* TASK: The answer must be an exact copy of the lines from the one containing "Nằm nép mình" through the last line of the records, with no pictures.

* DATA SUPPLIED:
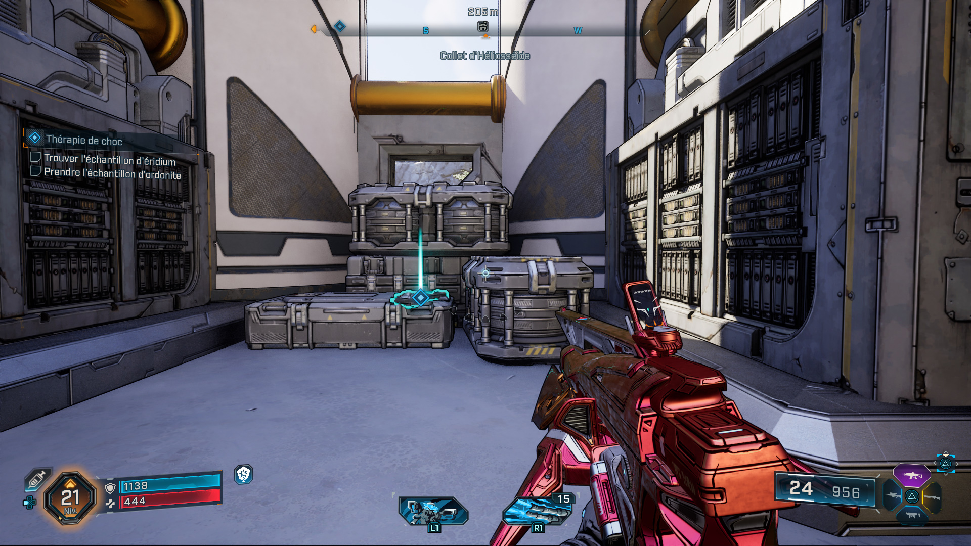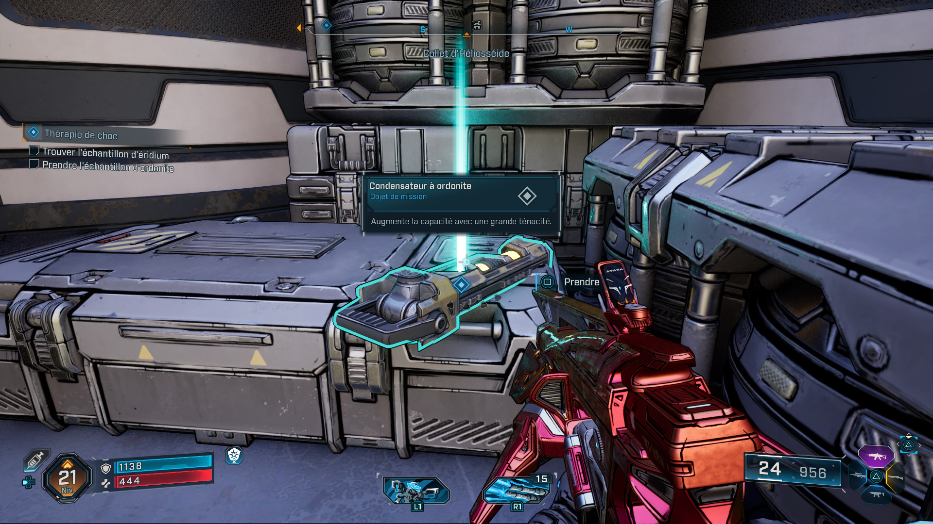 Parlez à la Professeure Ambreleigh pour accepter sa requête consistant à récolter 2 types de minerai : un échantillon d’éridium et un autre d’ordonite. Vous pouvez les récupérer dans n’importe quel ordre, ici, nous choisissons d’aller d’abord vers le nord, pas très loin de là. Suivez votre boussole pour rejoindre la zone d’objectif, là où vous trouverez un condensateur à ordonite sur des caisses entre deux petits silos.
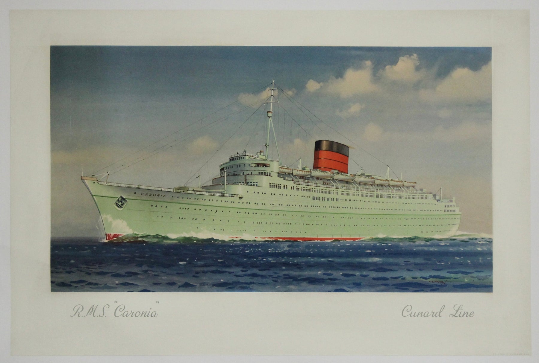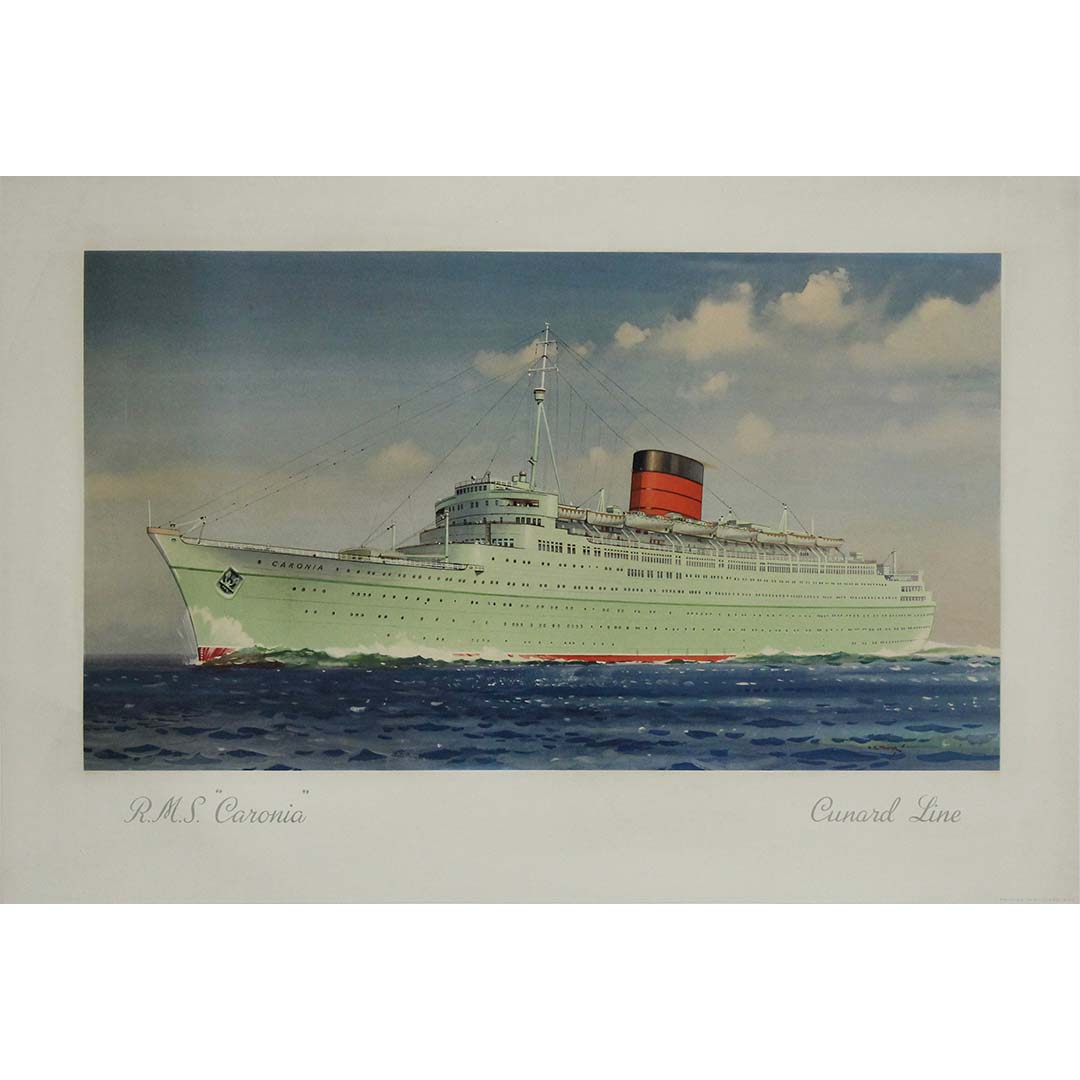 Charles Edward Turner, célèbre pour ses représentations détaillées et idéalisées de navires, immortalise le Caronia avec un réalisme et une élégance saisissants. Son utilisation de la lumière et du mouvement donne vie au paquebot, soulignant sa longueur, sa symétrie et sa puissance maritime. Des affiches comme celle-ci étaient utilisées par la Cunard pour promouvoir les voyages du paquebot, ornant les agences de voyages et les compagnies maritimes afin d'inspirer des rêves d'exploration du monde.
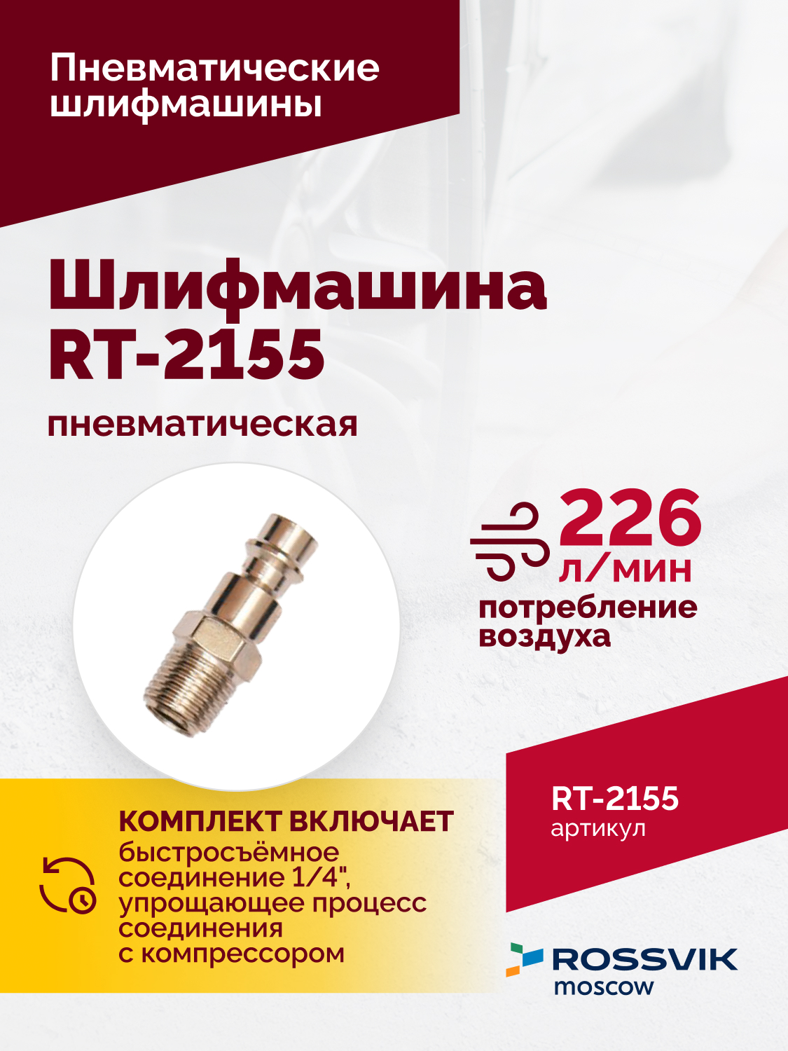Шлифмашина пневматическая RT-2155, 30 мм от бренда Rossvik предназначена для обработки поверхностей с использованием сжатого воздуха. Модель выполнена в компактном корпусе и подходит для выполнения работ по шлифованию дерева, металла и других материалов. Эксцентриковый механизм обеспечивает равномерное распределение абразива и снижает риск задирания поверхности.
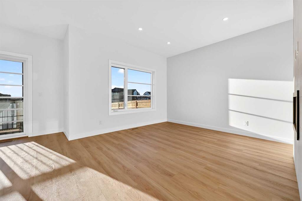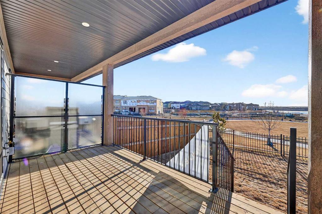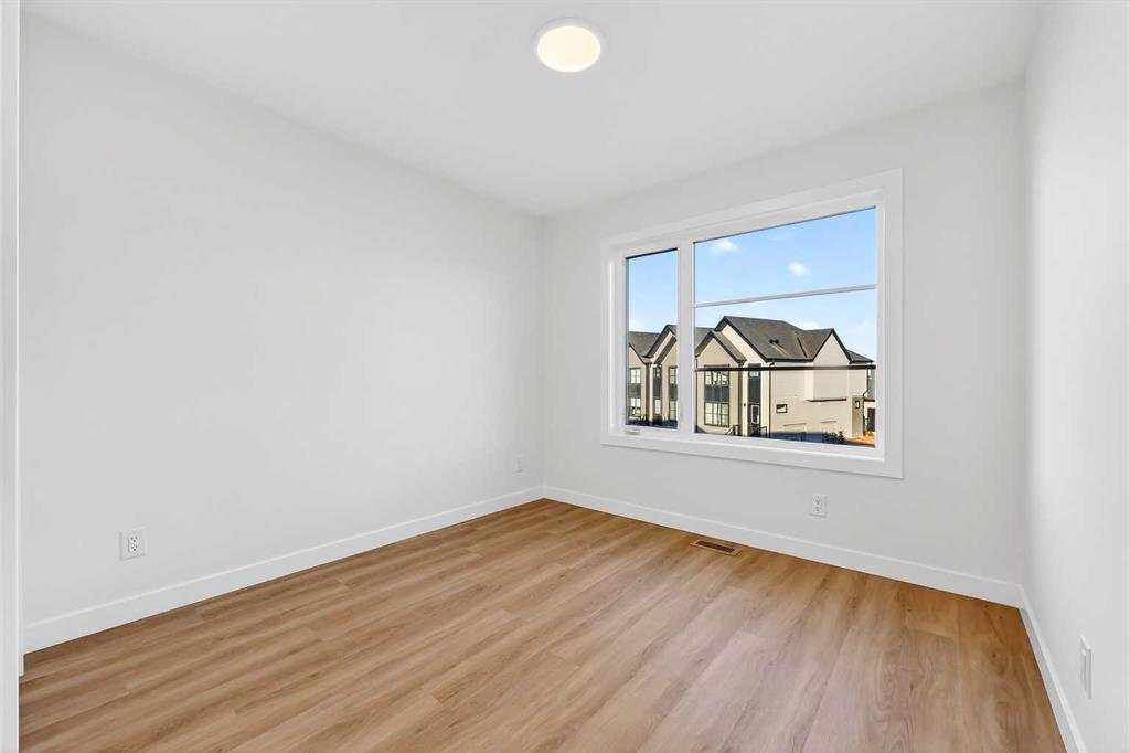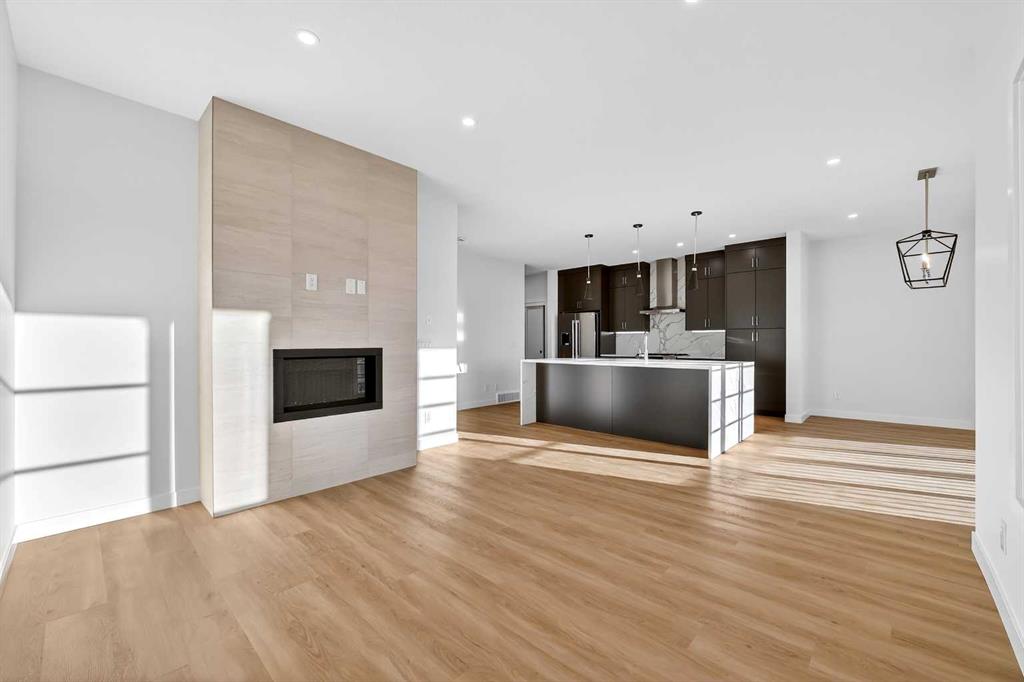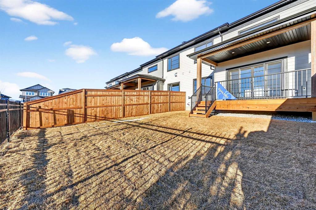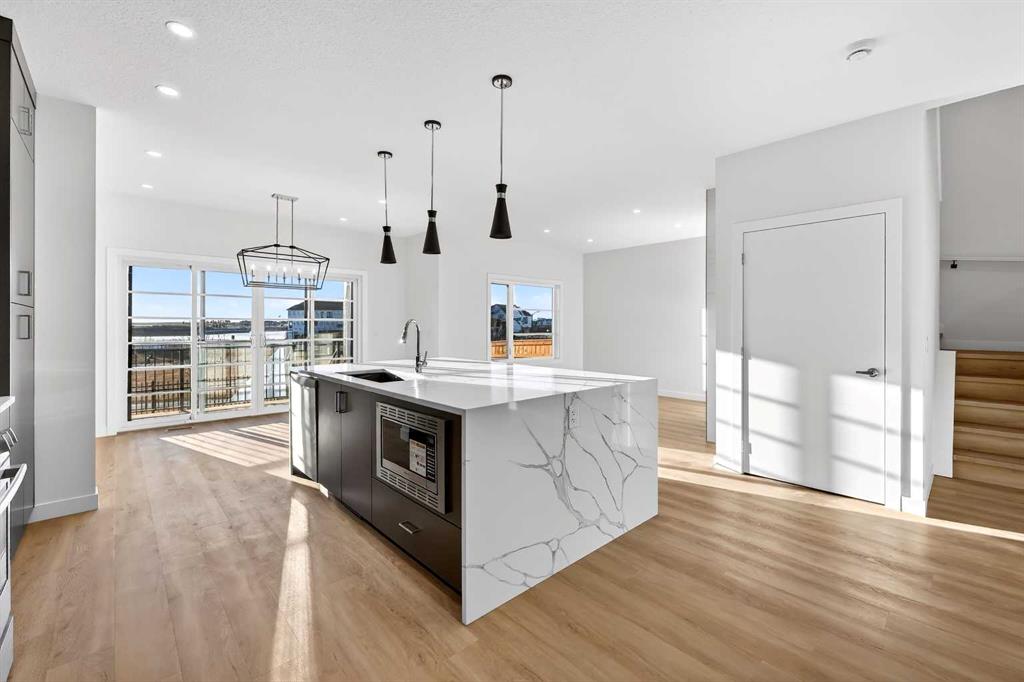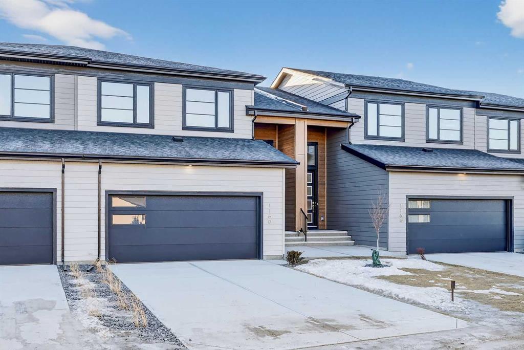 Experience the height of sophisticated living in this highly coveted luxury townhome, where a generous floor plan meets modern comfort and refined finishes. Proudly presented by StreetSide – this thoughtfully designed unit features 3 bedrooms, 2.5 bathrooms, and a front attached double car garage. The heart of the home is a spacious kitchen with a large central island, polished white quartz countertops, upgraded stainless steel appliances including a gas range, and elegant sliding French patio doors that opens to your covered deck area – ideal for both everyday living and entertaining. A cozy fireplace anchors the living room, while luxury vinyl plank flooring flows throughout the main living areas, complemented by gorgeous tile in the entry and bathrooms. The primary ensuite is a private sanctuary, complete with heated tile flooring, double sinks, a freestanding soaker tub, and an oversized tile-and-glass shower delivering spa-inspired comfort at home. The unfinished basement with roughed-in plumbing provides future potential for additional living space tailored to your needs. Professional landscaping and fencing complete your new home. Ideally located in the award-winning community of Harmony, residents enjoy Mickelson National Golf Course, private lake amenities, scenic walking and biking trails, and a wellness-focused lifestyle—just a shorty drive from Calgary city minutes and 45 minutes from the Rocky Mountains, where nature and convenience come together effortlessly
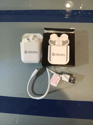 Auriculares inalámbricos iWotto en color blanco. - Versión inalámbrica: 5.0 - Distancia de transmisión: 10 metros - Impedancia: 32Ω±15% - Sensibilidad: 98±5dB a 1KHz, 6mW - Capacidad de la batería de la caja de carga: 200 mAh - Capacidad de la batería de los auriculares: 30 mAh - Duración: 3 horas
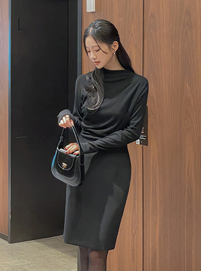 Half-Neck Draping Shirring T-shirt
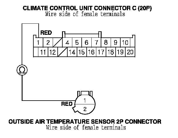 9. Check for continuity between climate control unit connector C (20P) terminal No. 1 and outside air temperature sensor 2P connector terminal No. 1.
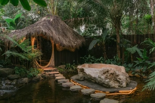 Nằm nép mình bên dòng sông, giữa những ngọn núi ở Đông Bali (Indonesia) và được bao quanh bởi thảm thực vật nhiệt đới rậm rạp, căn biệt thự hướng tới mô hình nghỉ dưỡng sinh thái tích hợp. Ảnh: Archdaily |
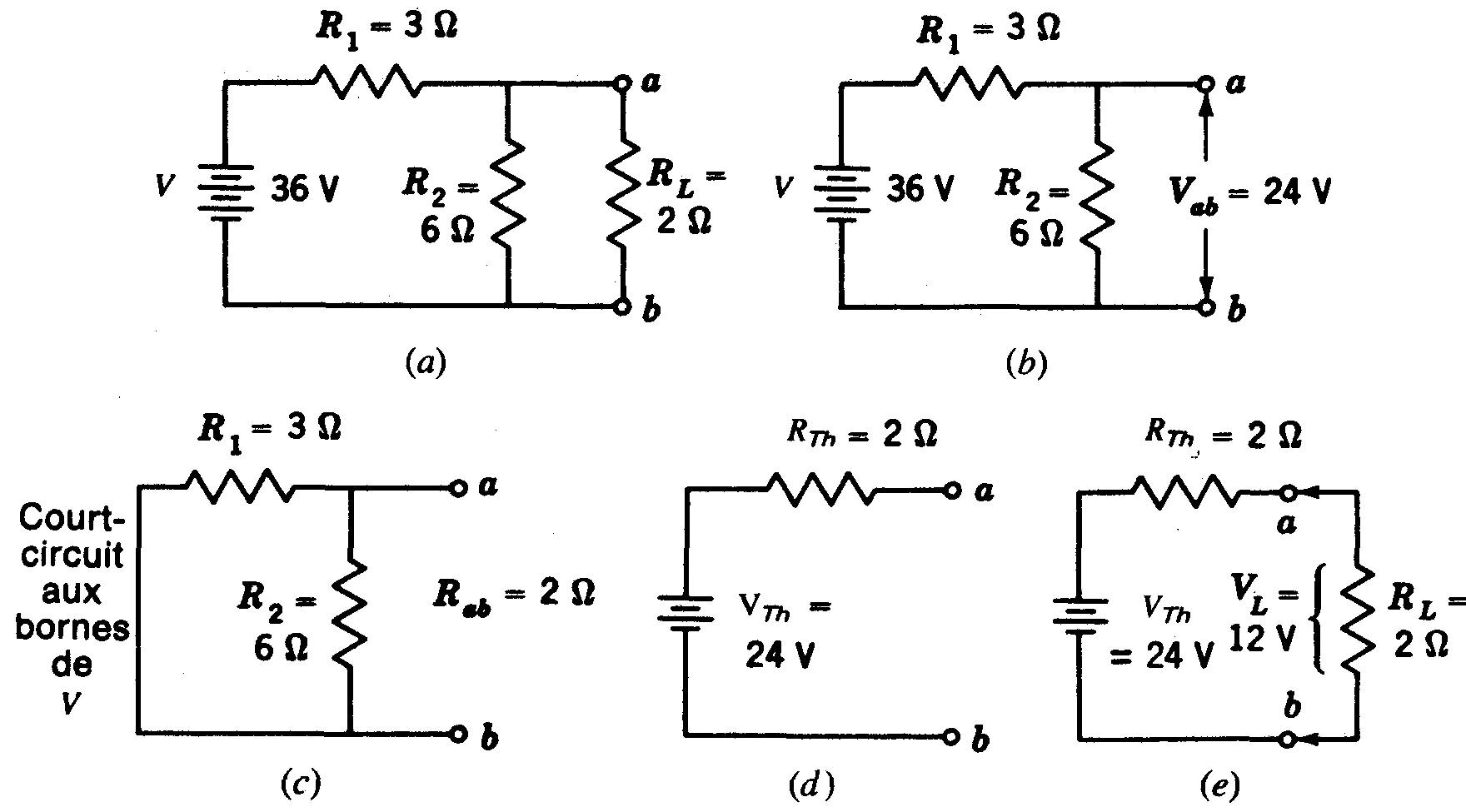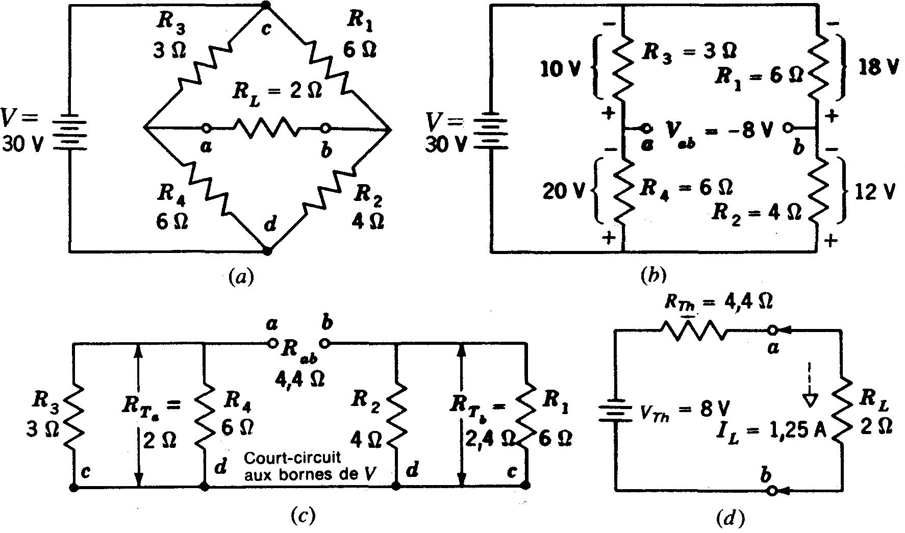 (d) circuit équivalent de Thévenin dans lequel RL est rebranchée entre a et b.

* SOLUTION:
 Nằm nép mình bên dòng sông, giữa những ngọn núi ở Đông Bali (Indonesia) và được bao quanh bởi thảm thực vật nhiệt đới rậm rạp, căn biệt thự hướng tới mô hình nghỉ dưỡng sinh thái tích hợp. Ảnh: Archdaily |
 (d) circuit équivalent de Thévenin dans lequel RL est rebranchée entre a et b.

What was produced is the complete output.